→ **Data in this exercise**:
= = = =

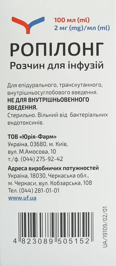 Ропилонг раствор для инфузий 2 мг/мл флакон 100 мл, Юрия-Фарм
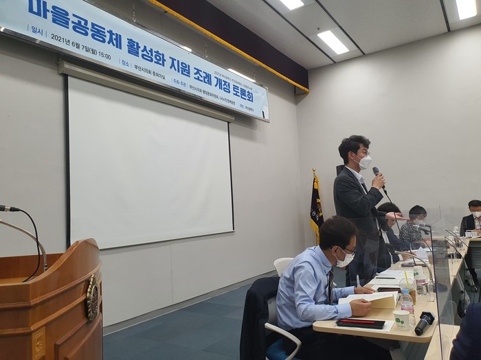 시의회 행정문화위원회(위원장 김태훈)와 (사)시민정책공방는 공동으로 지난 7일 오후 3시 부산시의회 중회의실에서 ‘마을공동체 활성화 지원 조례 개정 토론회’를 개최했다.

= = = =

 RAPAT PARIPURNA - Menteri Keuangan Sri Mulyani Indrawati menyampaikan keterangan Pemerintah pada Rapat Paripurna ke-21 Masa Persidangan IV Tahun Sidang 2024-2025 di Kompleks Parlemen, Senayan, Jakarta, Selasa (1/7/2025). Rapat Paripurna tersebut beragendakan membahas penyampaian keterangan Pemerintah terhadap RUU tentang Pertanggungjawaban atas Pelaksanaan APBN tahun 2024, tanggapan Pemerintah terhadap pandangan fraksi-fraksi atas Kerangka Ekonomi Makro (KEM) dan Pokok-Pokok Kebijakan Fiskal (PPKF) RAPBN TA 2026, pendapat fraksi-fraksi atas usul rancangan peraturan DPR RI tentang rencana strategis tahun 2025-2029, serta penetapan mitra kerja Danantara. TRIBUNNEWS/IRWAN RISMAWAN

= = = =

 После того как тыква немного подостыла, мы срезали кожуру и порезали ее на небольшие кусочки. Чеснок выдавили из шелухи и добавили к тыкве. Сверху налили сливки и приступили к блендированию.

= = = =

→ **Task objective**: Range to print from the listing above: from the line with "Ропилонг раствор для" up to and including the line with "시의회 행정문화위원회(위원장 김태훈)와". Please print those lines exactly, with no pictures and nothing more.

→ **Exercise answer**:
 Ропилонг раствор для инфузий 2 мг/мл флакон 100 мл, Юрия-Фарм
 시의회 행정문화위원회(위원장 김태훈)와 (사)시민정책공방는 공동으로 지난 7일 오후 3시 부산시의회 중회의실에서 ‘마을공동체 활성화 지원 조례 개정 토론회’를 개최했다.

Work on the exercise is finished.